### Assignment:
When the line with "besthsnu : 前陣子在jr東網站也是試了5.6家不同銀行的卡才刷過01/19 13:49" turns up below, begin repeating exactly, and carry on through the line with "Allow all the"; no pictures go into the copy.

### Given data:
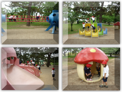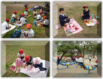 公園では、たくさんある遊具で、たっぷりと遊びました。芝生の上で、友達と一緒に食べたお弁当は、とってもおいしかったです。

...

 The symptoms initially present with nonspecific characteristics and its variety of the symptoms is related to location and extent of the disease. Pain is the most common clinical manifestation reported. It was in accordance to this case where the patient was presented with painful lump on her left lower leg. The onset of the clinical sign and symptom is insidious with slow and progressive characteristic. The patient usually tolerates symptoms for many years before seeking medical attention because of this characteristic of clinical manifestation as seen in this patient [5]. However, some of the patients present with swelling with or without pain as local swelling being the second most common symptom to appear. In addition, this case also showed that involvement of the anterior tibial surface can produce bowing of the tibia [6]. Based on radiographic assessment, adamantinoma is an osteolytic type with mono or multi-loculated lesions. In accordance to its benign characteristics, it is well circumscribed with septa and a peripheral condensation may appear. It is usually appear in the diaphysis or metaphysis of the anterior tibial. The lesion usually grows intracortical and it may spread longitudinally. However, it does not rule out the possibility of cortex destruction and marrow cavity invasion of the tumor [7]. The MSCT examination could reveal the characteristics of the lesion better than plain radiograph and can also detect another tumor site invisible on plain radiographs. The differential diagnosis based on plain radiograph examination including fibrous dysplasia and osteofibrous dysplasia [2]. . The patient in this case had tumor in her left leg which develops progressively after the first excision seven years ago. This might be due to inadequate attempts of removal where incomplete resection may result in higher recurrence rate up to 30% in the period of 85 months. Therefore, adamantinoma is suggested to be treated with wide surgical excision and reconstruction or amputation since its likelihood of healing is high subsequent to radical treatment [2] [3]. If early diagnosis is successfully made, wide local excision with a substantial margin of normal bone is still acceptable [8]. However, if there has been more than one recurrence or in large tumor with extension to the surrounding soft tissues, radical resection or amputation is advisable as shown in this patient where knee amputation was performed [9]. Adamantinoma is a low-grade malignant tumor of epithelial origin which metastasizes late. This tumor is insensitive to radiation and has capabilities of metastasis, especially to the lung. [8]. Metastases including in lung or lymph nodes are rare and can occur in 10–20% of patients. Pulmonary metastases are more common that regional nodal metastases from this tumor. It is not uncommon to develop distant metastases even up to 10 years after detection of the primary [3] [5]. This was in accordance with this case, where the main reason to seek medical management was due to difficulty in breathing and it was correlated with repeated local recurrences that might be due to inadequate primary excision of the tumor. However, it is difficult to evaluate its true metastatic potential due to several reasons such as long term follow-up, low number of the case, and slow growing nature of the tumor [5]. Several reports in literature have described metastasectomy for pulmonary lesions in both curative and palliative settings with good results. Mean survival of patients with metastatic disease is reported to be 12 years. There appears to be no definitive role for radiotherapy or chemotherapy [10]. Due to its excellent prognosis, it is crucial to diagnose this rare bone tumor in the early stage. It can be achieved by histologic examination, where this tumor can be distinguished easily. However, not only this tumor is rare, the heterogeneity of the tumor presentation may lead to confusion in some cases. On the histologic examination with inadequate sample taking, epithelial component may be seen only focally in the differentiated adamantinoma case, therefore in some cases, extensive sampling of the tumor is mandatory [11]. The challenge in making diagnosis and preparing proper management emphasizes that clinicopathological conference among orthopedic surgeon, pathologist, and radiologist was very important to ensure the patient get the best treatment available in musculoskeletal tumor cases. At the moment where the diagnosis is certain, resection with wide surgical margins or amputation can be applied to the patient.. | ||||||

---

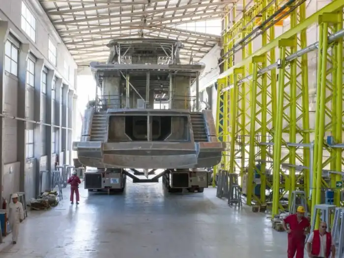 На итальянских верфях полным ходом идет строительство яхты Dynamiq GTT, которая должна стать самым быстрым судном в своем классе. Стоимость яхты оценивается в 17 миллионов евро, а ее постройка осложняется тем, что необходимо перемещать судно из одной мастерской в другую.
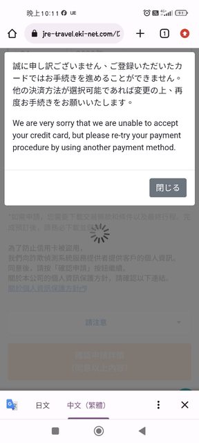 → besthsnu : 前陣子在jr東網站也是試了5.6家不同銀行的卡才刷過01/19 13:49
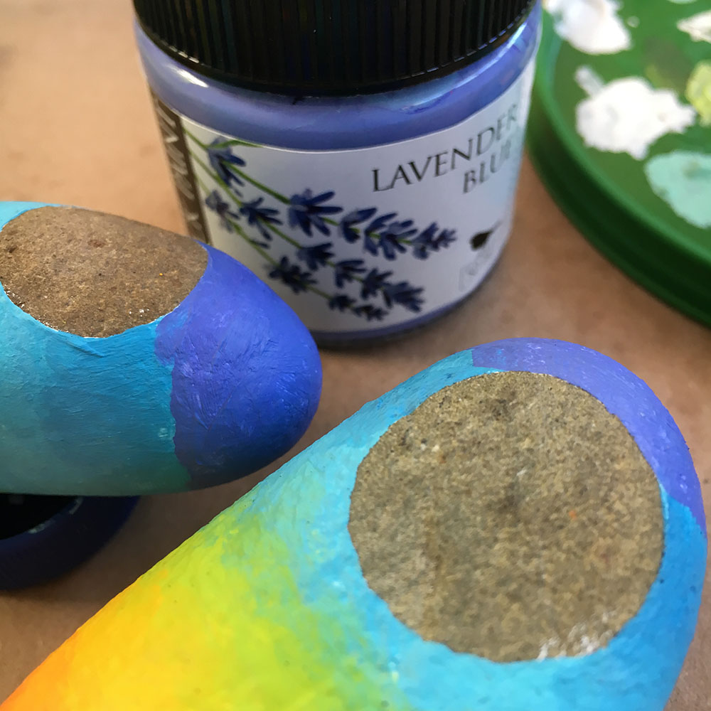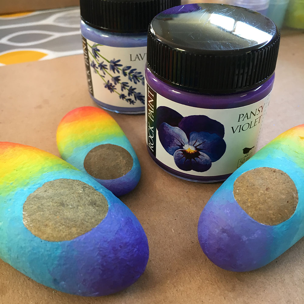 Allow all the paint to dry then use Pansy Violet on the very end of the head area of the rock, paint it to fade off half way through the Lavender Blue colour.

### Exercise output:
 → besthsnu : 前陣子在jr東網站也是試了5.6家不同銀行的卡才刷過01/19 13:49
 Allow all the paint to dry then use Pansy Violet on the very end of the head area of the rock, paint it to fade off half way through the Lavender Blue colour.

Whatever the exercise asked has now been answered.